» DATA FOR REVIEW

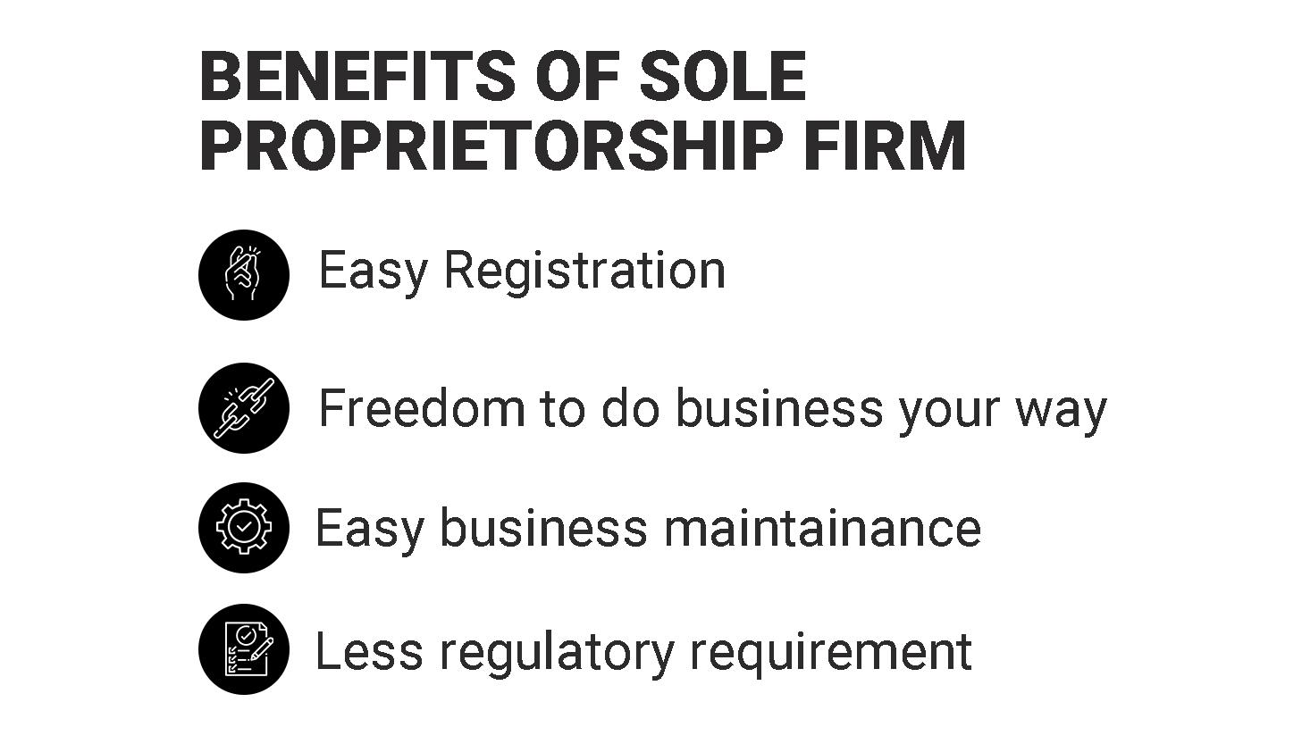 There is no concept of firm name registration. You can give any name to your sole Proprietorship – even your name would suffice. Because of so many lacks of restrictions, there are benefits to be had when you register a sole proprietorship in India.
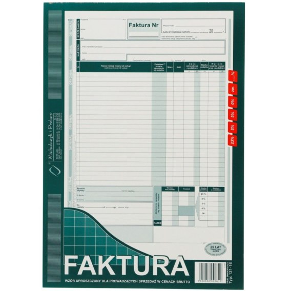 Faktura wzór uproszczony dla prowadzących sprzedaż w cenach brutto
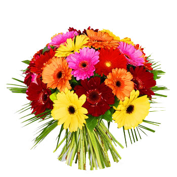 三十枝彩虹太陽菊花束,以日式包裝,伴以襯葉。生動活潑的彩色太陽菊, 是給予她無限的鼓勵和支持!
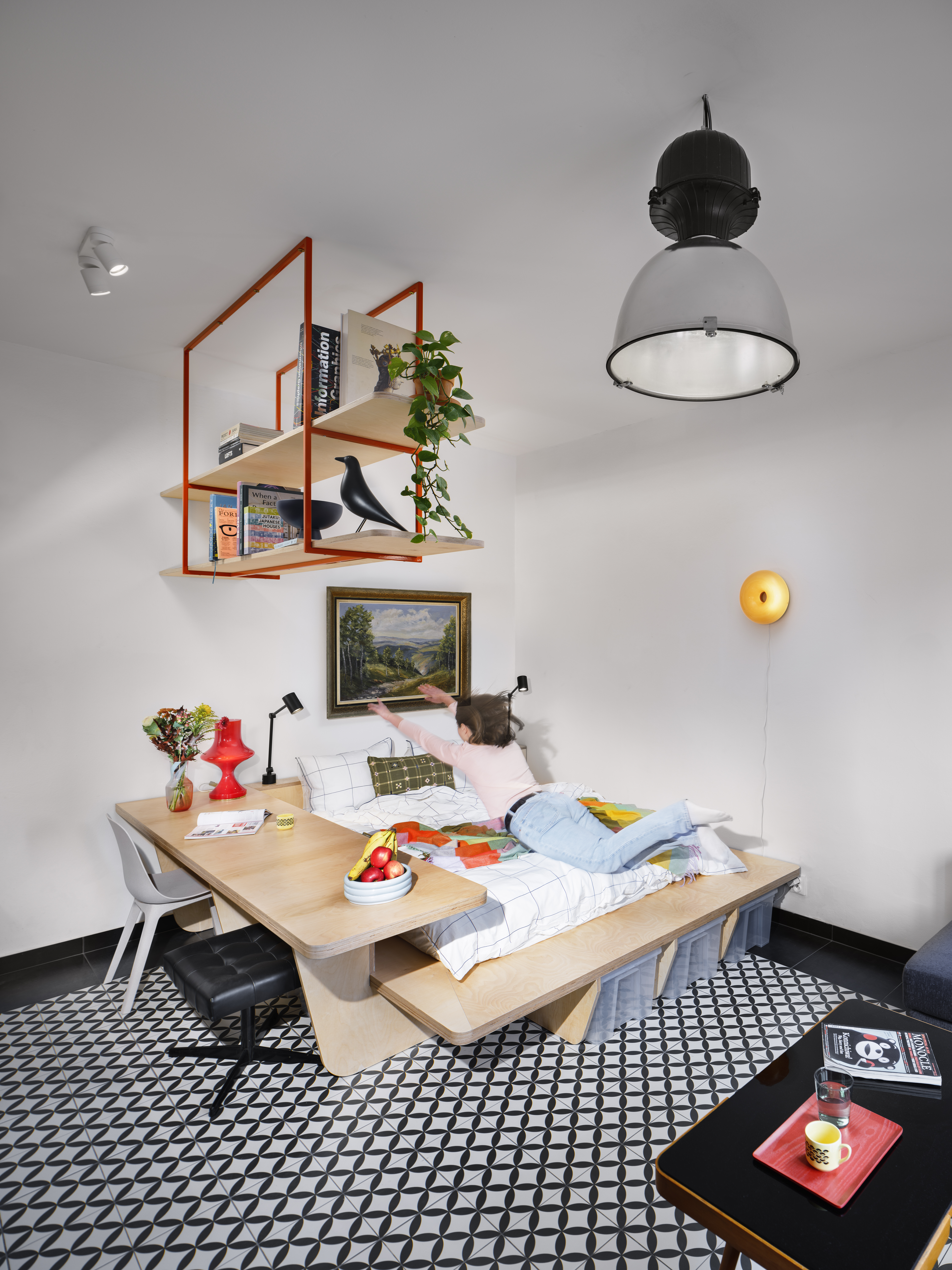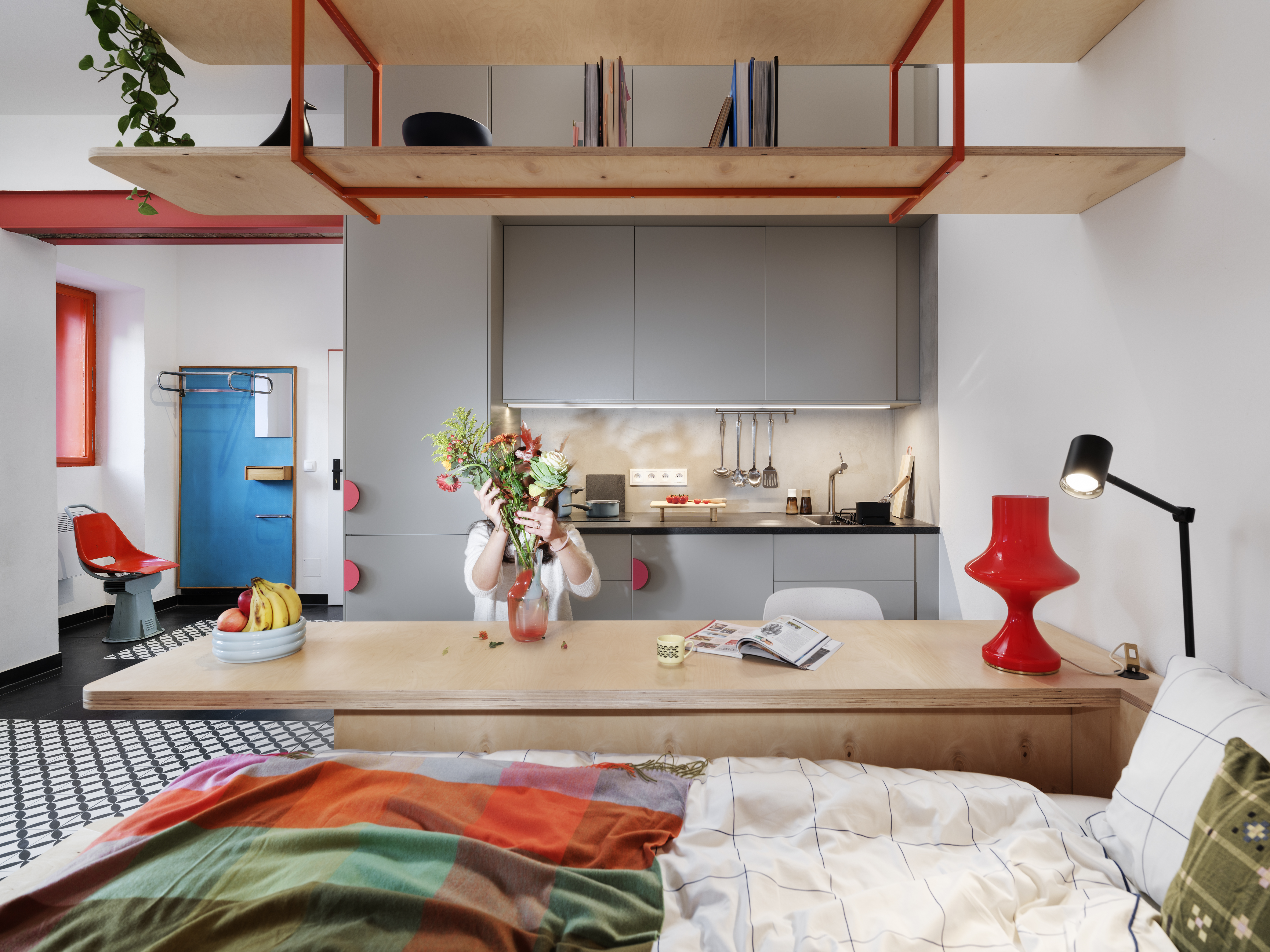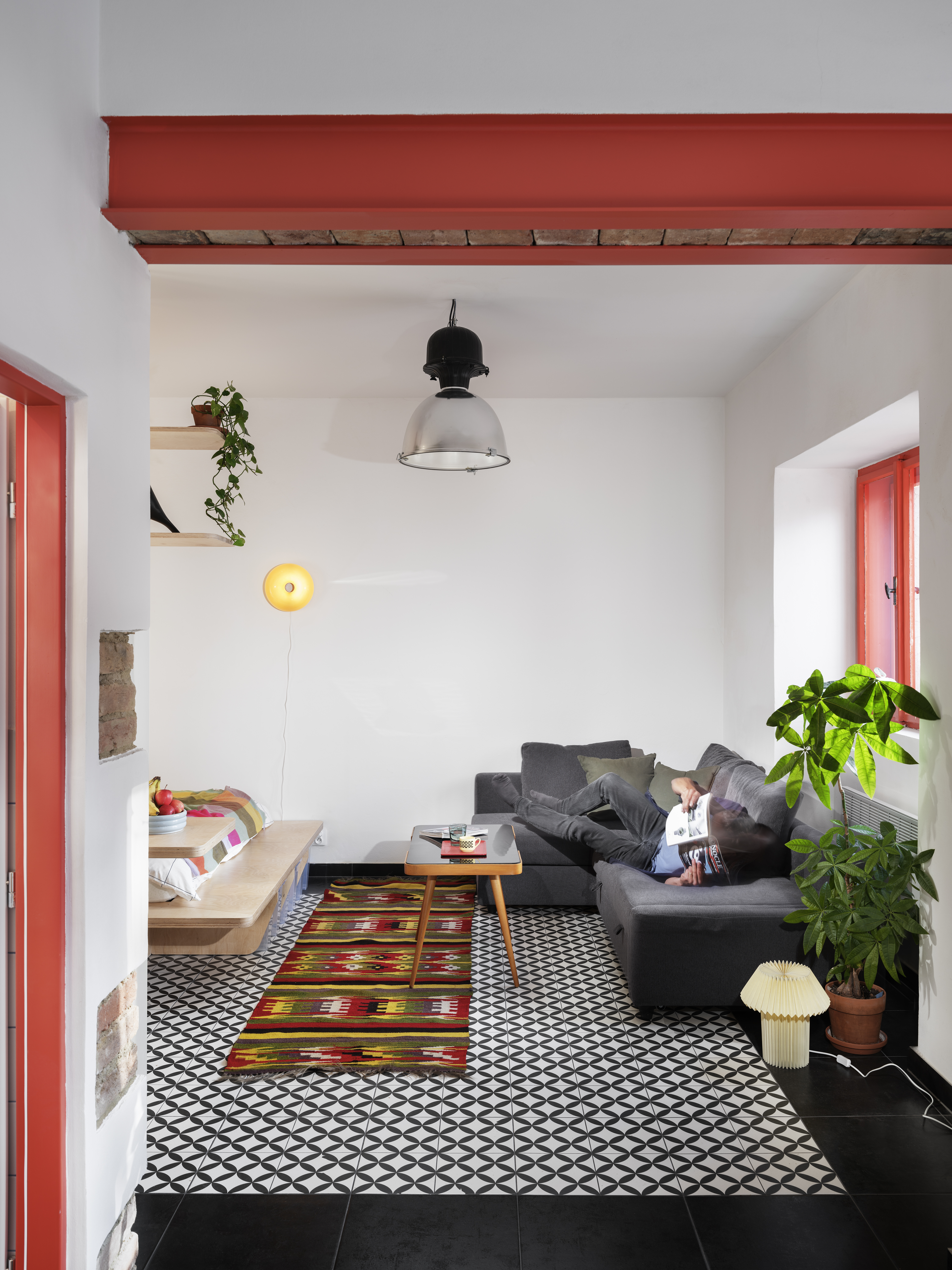 A key element of the project’s aesthetic identity is its use of vibrant accents and unexpected details. The bright red structural beams, window frames, and furniture highlights bring energy into the space, while the geometric floor tiles and layered textures add a sense of rhythm and movement. Custom plywood furniture, designed for maximum flexibility, contributes to a cohesive yet lively interior where every piece plays a role in shaping the experience.
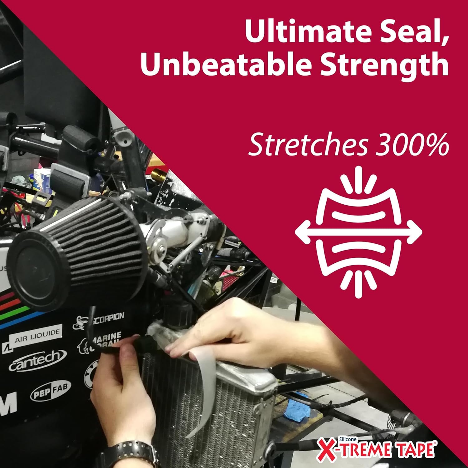 - EASY TO USE FOR QUICK, EFFECTIVE REPAIRS: Simply stretch the tape up to 300% for a tight, secure fit over both thin and thick surfaces. The self-fusing design eliminates the need for adhesive and leaves no sticky residue, ensuring a clean and effective finish every time.
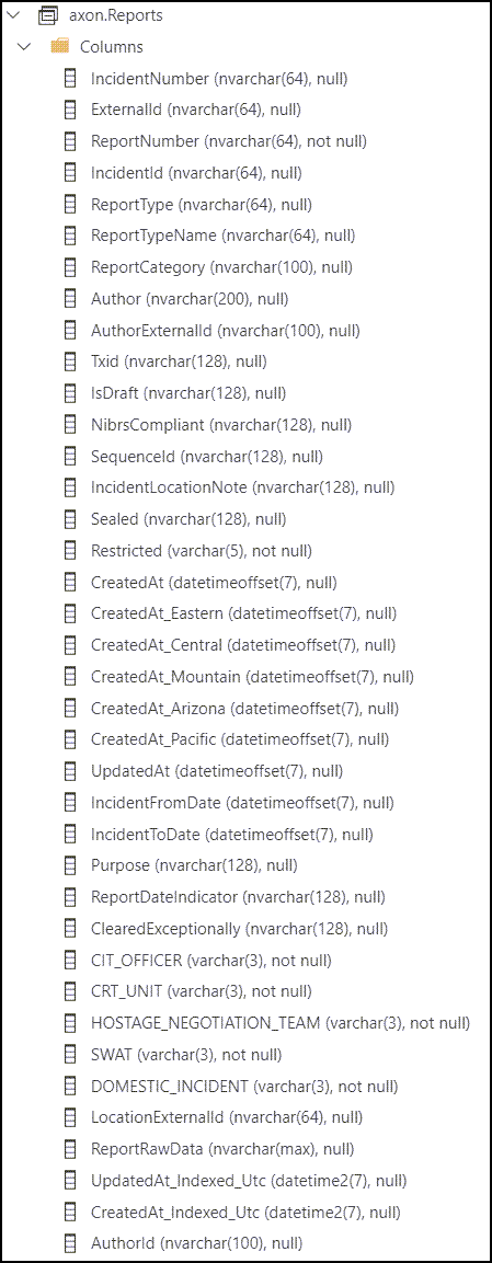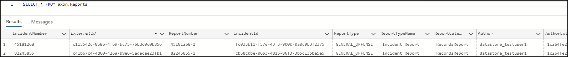 For a full list of how the fields in the Axon Records Incident Report map to the columns in the Axon DataStore, see Axon Records DataStore field mappings.
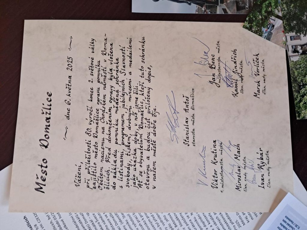 Jedním z výrazných momentů rekonstrukce bylo vložení kovové schránky do podstavce pomníku. Uvnitř je dopis budoucím generacím, platné i pamětní mince, fotografie, informace o opravě a také pozvánka na letošní Oslavy svobody. Schránku připravil umělecký kovář Jiří Oplt.

» WHAT YOU ARE ASKED TO DO
Output exactly the lines above that lie between the line with "Faktura wzór uproszczony" and the line with "- EASY TO USE", those two lines included, and no pictures.

» EXPECTED ANSWER
 Faktura wzór uproszczony dla prowadzących sprzedaż w cenach brutto
 三十枝彩虹太陽菊花束,以日式包裝,伴以襯葉。生動活潑的彩色太陽菊, 是給予她無限的鼓勵和支持!
 A key element of the project’s aesthetic identity is its use of vibrant accents and unexpected details. The bright red structural beams, window frames, and furniture highlights bring energy into the space, while the geometric floor tiles and layered textures add a sense of rhythm and movement. Custom plywood furniture, designed for maximum flexibility, contributes to a cohesive yet lively interior where every piece plays a role in shaping the experience.
 - EASY TO USE FOR QUICK, EFFECTIVE REPAIRS: Simply stretch the tape up to 300% for a tight, secure fit over both thin and thick surfaces. The self-fusing design eliminates the need for adhesive and leaves no sticky residue, ensuring a clean and effective finish every time.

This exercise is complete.